Asking for help? Comment out what you need so we can get more information to help you!
I have the following error which is 1 node(s) had taint {nvidia.com/gpu: }, that the pod didn't tolerate.
on the hook-image-awaiter which I believe the OKE engine creates. I don’t understand how I can create a kubernetes configuration file for that pod if it’s created by the kubernetes engine.
Is there a way to add the nvidia.com/gpu toleration to the pod as a workaround? Alternatively, does anyone have a suggestion as to how to create the kubeconfig file? Thanks.
Cluster information:
Kubernetes version: v1.21.5 (OKE-Created Cluster)

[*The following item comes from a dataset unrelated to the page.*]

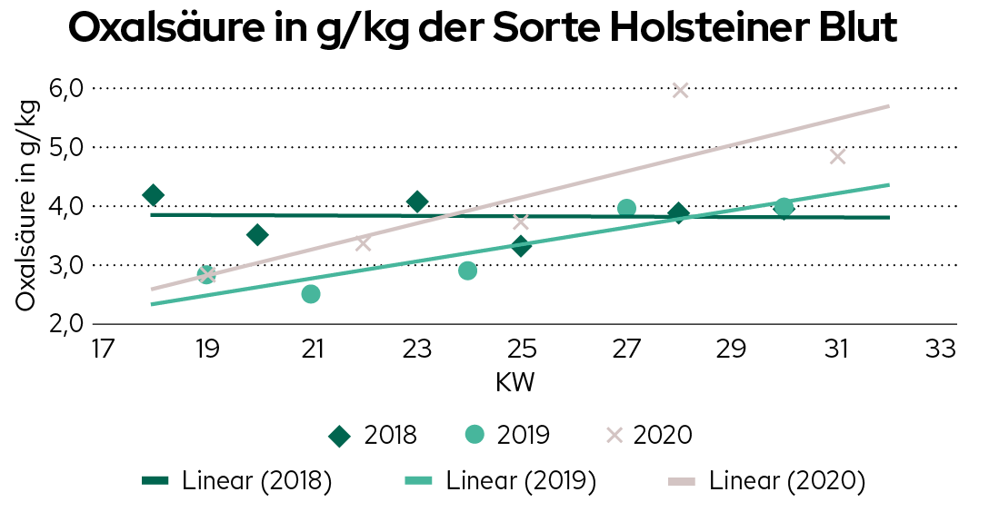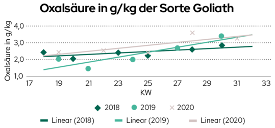 Bei allen Sorten ergab sich ein Anstieg der Oxalsäurekonzentration mit späteren Ernteterminen Birgit Rascher

Cloud being used: Oracle Cloud Infrastructure, Kubernetes Cluster created using Oracle Kubernetes Engine
Installation method: Created using Cluster Quick-Create ok OKE
Host OS: n/a, but can update if required
CNI and version: Unsure
CRI and version: Unsure
Kubernetes PodSpec YAML File
apiVersion: v1 # What version of the Kubernetes API to use
kind: Pod # What kind of object you want to create
metadata: # Data that helps uniquely identify the object, including a name, string, UID and optional namespace
name: nvidia-gpu-workload-v2
spec: # What state you desire for the object, differs for every type of Kubernetes object.
restartPolicy: OnFailure
containers:
- name: cuda-vector-add
image: k8s.gcr/io/cuda-vector-add:v0.1
resources:
limits:
nvidia.com/gpu: 1
tolerations:
- key: "nvidia.com/gpu"
operator: "Equal"
effect: "NoSchedule"
ERRORS
$ kubectl get pods --all-namespaces
NAMESPACE NAME READY STATUS RESTARTS AGE
kube-system coredns-68474555d4-rqss4 0/1 Pending 0 21h
kube-system csi-oci-node-2tzpr 1/1 Running 0 21h
kube-system kube-dns-autoscaler-84cdfb8898-kkwnn 0/1 Pending 0 21h
kube-system kube-flannel-ds-gnnr8 1/1 Running 0 21h
kube-system kube-proxy-b29fr 1/1 Running 0 21h
kube-system nvidia-gpu-device-plugin-j7h9b 1/1 Running 0 21h
kube-system proxymux-client-c7mpp 1/1 Running 0 21h
neuro-k1 hook-image-awaiter-5tq5c 0/1 Pending 0 21h
matt_choy@cloudshell:~ (ap-sydney-1)$ kubectl describe pod hook-image-awaiter-5tq5c -n neuro-k1
Name: hook-image-awaiter-5tq5c
Namespace: neuro-k1
Priority: 0
Node: <none>
Labels: app=jupyterhub
component=image-puller
controller-uid=f20a880b-c16c-479c-ab4f-5985ad3d5ac4
job-name=hook-image-awaiter
release=neuro-jupyterhub-3
Annotations: <none>
Status: Pending
IP:
IPs: <none>
Controlled By: Job/hook-image-awaiter
Containers:
hook-image-awaiter:
Image: jupyterhub/k8s-image-awaiter:1.2.0
Port: <none>
Host Port: <none>
Command:
/image-awaiter
-ca-path=/var/run/secrets/kubernetes.io/serviceaccount/ca.crt
-auth-token-path=/var/run/secrets/kubernetes.io/serviceaccount/token
-api-server-address=https://kubernetes.default.svc:$(KUBERNETES_SERVICE_PORT)
-namespace=neuro-k1
-daemonset=hook-image-puller
-pod-scheduling-wait-duration=10
Environment: <none>
Mounts:
/var/run/secrets/kubernetes.io/serviceaccount from kube-api-access-m7trb (ro)
Conditions:
Type Status
PodScheduled False
Volumes:
kube-api-access-m7trb:
Type: Projected (a volume that contains injected data from multiple sources)
TokenExpirationSeconds: 3607
ConfigMapName: kube-root-ca.crt
ConfigMapOptional: <nil>
DownwardAPI: true
QoS Class: BestEffort
Node-Selectors: <none>
Tolerations: hub.jupyter.org/dedicated=core:NoSchedule
hub.jupyter.org_dedicated=core:NoSchedule
node.kubernetes.io/not-ready:NoExecute op=Exists for 300s
node.kubernetes.io/unreachable:NoExecute op=Exists for 300s
Events:
Type Reason Age From Message
---- ------ ---- ---- -------
Warning FailedScheduling 21h default-scheduler 0/1 nodes are available: 1 node(s) had taint {nvidia.com/gpu: }, that the pod didn't tolerate.